Use augmented inputs with X0 = 1 and weights W = [W0, W1, W2] where W0=C, W1=A, W2=B.

  • Case 1: Negative point (Y_true = 0) predicted positive (Y_pred = 1) → subtract: W_new = W_old - eta * X_i.
  • Case 2: Positive point (Y_true = 1) predicted negative (Y_pred = 0) → add: W_new = W_old + eta * X_i.
    • eta is the learning rate (e.g., 0.01).

Unified update rule

Let S = W·X_i (dot product with augmented X_i). Predict Y_pred = 1 if S >= 0, else 0.

W_new = W_old + eta * (Y_true - Y_pred) * X_i

Behaviours:

  • If correct: Y_true == Y_pred → no change.
  • If positive misclassified (1 vs 0): add eta * X_i.
  • If negative misclassified (0 vs 1): subtract eta * X_i.

Convergence and stopping

  • Stop when there are no misclassified points (convergence) or after a fixed number of epochs.

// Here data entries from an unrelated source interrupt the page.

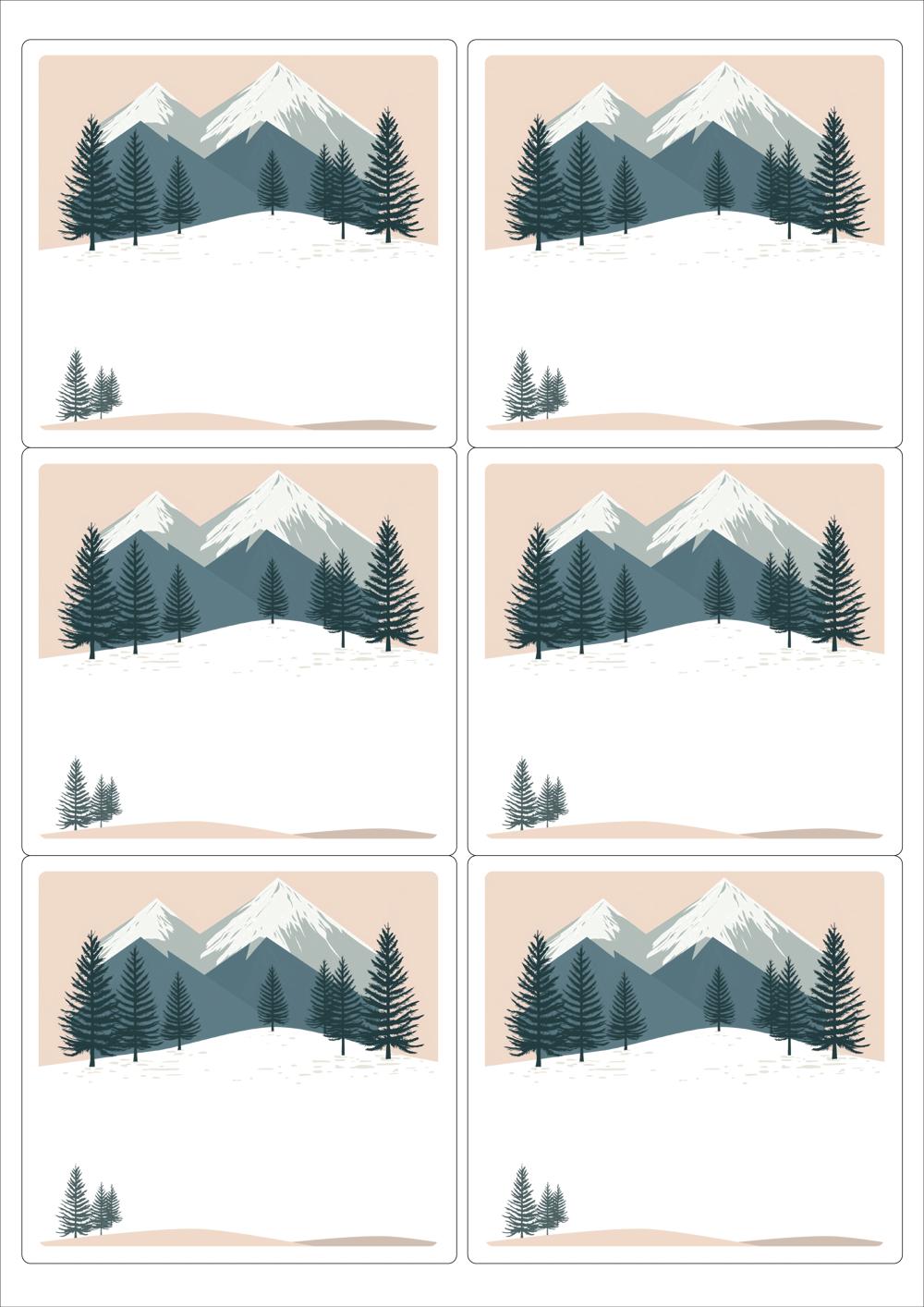 디자인된 A4 라벨지 출력용 라벨스티커, 규격코드: 223, 디자인코드: DA1582(저 잘지내요~ 겨울산에 인사), 98.8 x 92.7 (mm)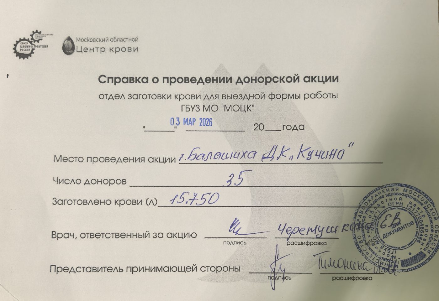 Персонал отдела заготовки Московского областного центра крови принял 35 человек, которые сдали 15,75 л крови. Среди участников акции были сотрудники балашихинских предприятий, входящих в Московское областное реготделение Союза машиностроителей России.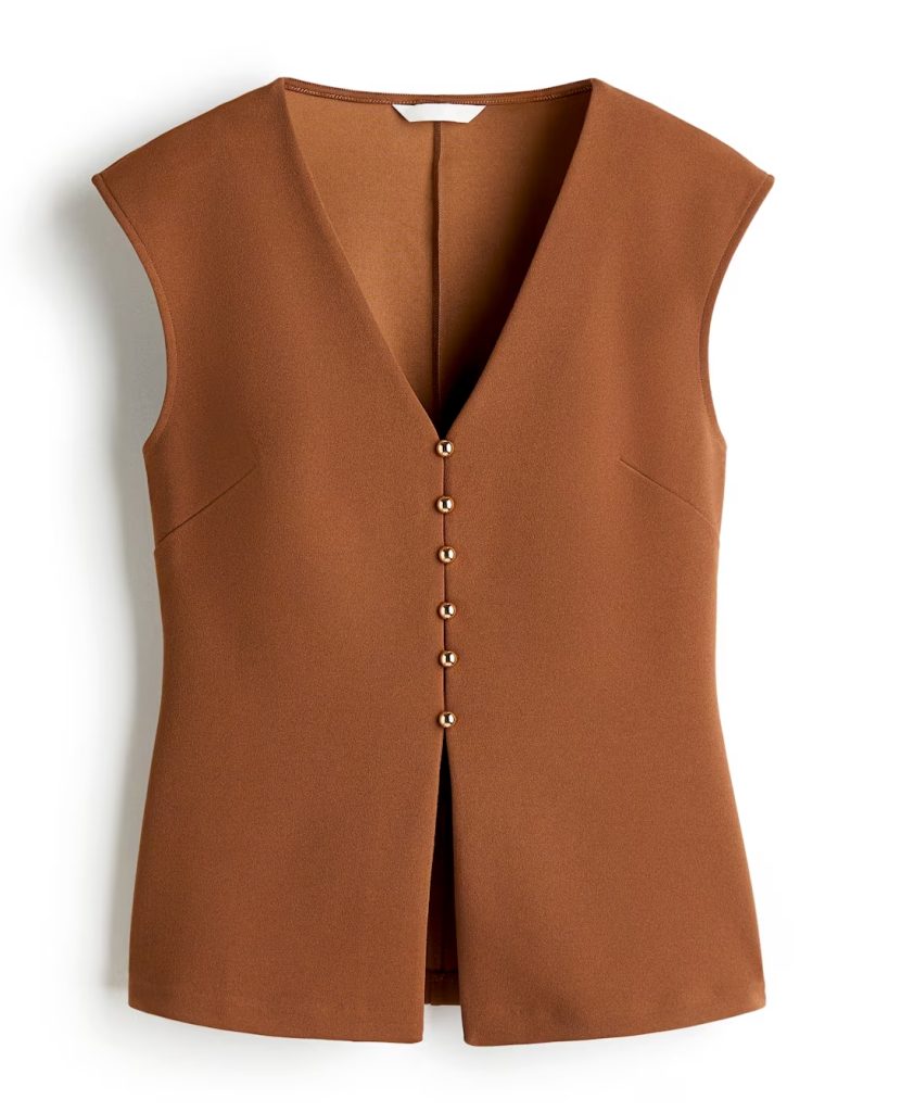Es marrón –uno de los colores de la temporada–, ligero y súperversátil, pero, sobre todo, este chaleco Interlock con botones dorados derrocha estilo. En H&M, 17,99 €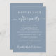 Moderno elopemento azul empoeirado ou anúncio privado de casamento e recepção de casamento ou convite de festas de celebração. "Felizmente, nunca depois da festa" é escrito em uma mistura de uma simples tipografia branca e uma escrita na moda branca com pestanas. Personalize seu anúncio de casamento e seu convite de recepção e adicione seus nomes em um script semelhante a assinatura. No verso, introduza o endereço URL do Web site do casamento para criar um Código QR para os convidados procurarem todos os detalhes e para RSVP online, e adicione os seus primeiros nomes e datas de casamento e de recepção.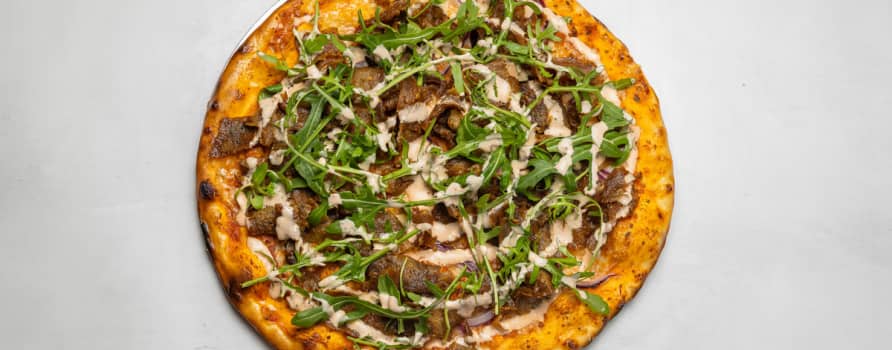 Tomatsås, mozzarella, kebabkött, rödlök & mild kebabsås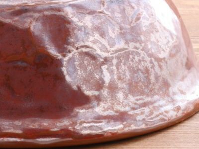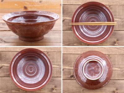 和の趣たっぷりのラーメン丼ぶり。 鉄の入った釉薬(ゆうやく)で、光沢のある朱色に近い赤と、斑に入ったシルバーのような色が印象的な風合いで、麺や具材も引き立ちます。 外側の素地をわざと凸凹とさせ、器の表情を楽しめる和食器です。 ラーメン鉢以外にもう、どんなどの麺鉢としてはもちろん、煮物やサラダの盛り鉢にもどうぞ。 こちらは少し大きめの6.8寸サイズ。スープやトッピングもたっぷりがいい!という方にオススメのどんぶり。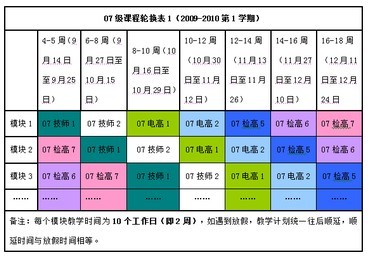 我們將同一學期內必須(xū)完成的工作項目(mù)重新組合成多(duō)個教學模塊,每一教(jiāo)學模塊由一個或幾個工作項目構成,每一教學模塊課時量都定為40學時,方便輪換(huàn),整合教學資源。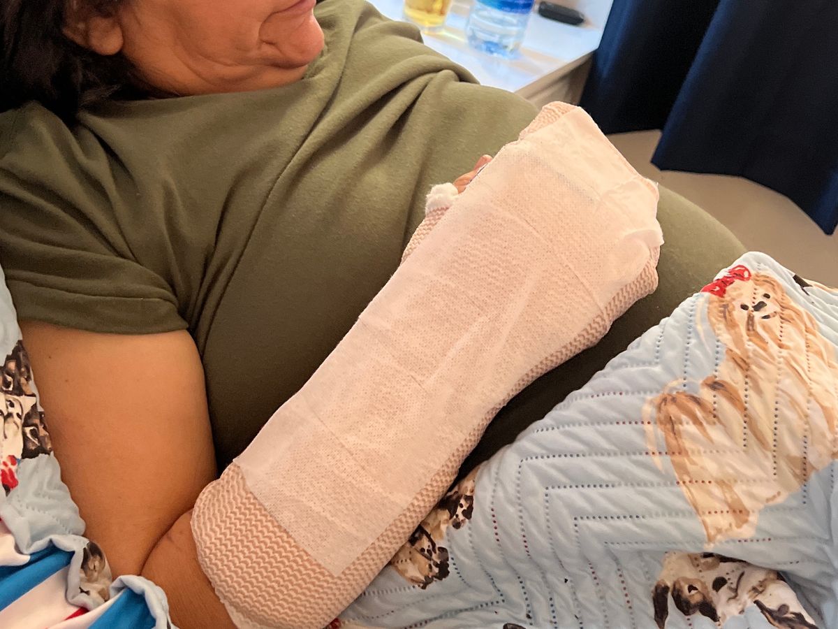 accident here at home. Last Wednesday she was prepping food for the business she is starting up and while in the process, severely injures her hand. Got taken to the hospital and the amount of time between her injury and getting scene, she lost so much blood that her heart stopped and needed to needed to be shocked to be brought back. Doc’s said she is out of commission for 3 months.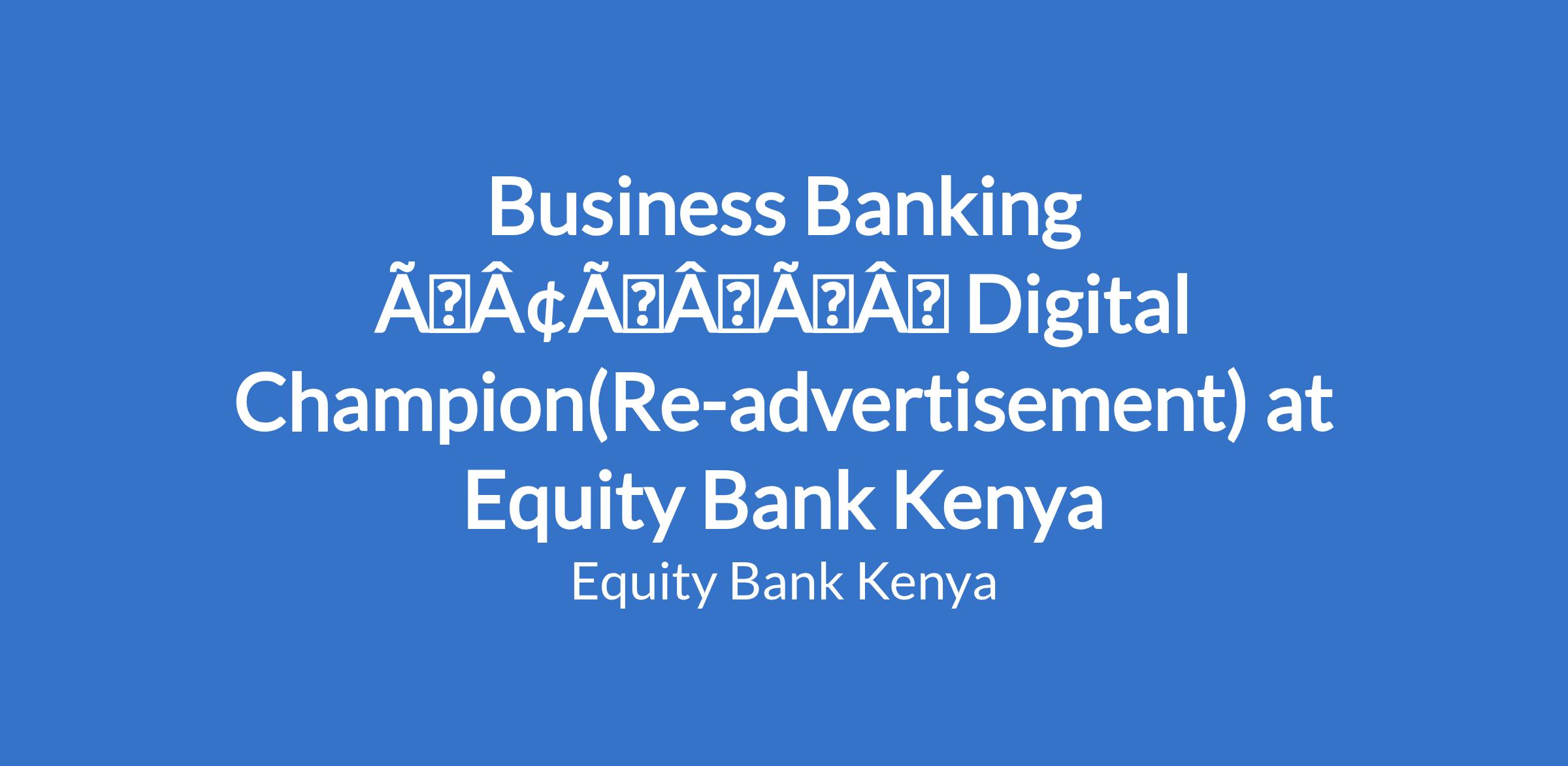 Business Banking âÃÂàDigital Champion(Re-advertisement) at Equity Bank Kenya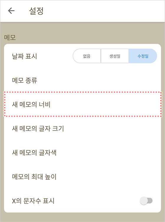 이제 새 메모의 너비 설정 화면이 나와.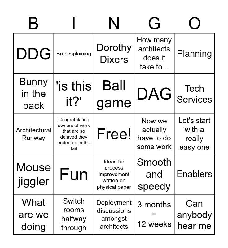 This bingo card has a free space and 24 words: Fun, Switch rooms halfway through, Ball game, What are we doing, Planning, DDG, Bunny in the back, Brucesplaining, Now we actually have to do some work, Ideas for process improvement written on physical paper, DAG, Architectural Runway, Smooth and speedy, Enablers, 'is this it?', 3 months = 12 weeks, Let's start with a really easy one, Dorothy Dixers, Tech Services, Congratulating owners of work that are so delayed they ended up in the tail, Can anybody hear me, Mouse jiggler, How many architects does it take to... and Deployment discussions amongst architects.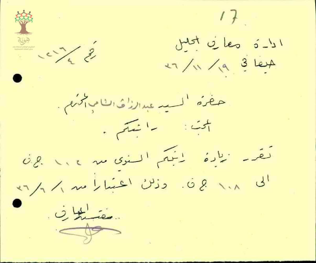 رسالة من مفتش المعارف الى المعلم عبد الرزاق الشامي بخصوص زيادة راتبه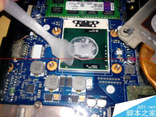 8、使用硅脂涂抹工具均匀的涂抹薄薄的一层,也可以直接涂抹一点然后覆盖之前拆散的覆盖片轻压,也可以将其均匀覆盖,之后重新装机
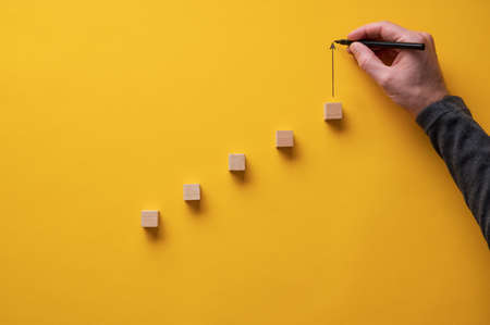 Male hand drawing an upward pointing arrow on top of a growing graph made of wooden blocks. Over yellow background.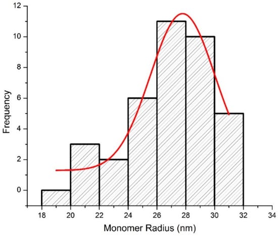In this work, the size distribution was obtained from the TEM images of BB aerosol collected on filters following combustion. From the projected area of the primary particles, the average monomer diameter was measured to be 55.6 nm by measuring the diameter of several selected distinguishable particles. A histogram of monomeric particle radii (not diameters) is shown in Figure 2 for eucalyptus, along with a Gaussian fit that has a standard deviation of 2.9 nm. The primary particle diameters in flame-generated agglomerates have been shown to follow a normal distribution [71] as displayed in Figures 2 and 5. The TEM analysis of primary particle radius of aggregates from the combustion of eucalyptus is shown in Figure 1. The mean diameter obtained is well within 50 ± 10 nm for the scanning electron microscopy (SEM) image of the freshly emitted biomass aerosol as reported by Manfred et al. [12]. This size distribution leads to a size parameter, xp, in the range of 0.30 ≤ ≤ 0.34 for measurements performed at wavelengths between 500 and 580 nm.

Perceptron‑style training loop (pseudo‑Python)

import numpy as np

def train_perceptron(X, y, epochs=1000, eta=0.01, seed=42):
# X: shape (n_samples, 2) for features [x, y]; we'll augment inside
rng = np.random.default_rng(seed)
X_aug = np.hstack([np.ones((X.shape[0], 1)), X]) # add X0 = 1
W = np.zeros(X_aug.shape[1]) # [C, A, B]

for _ in range(epochs):
i = rng.integers(0, X_aug.shape[0])
Xi, yi = X_aug[i], y[i]
S = W @ Xi
y_pred = 1 if S >= 0 else 0
W = W + eta * (yi - y_pred) * Xi
return W

Key takeaways

  1. Logistic Regression is central to ML and underpins Perceptron/Deep Learning ideas.
  2. It works best when data is (almost) linearly separable; a single linear boundary is assumed.
  3. The Perceptron Trick offers a simple learning procedure with intuitive add/subtract updates.
  4. Use augmented coordinates and the unified rule W_new = W_old + eta * (Y_true - Y_pred) * X_i.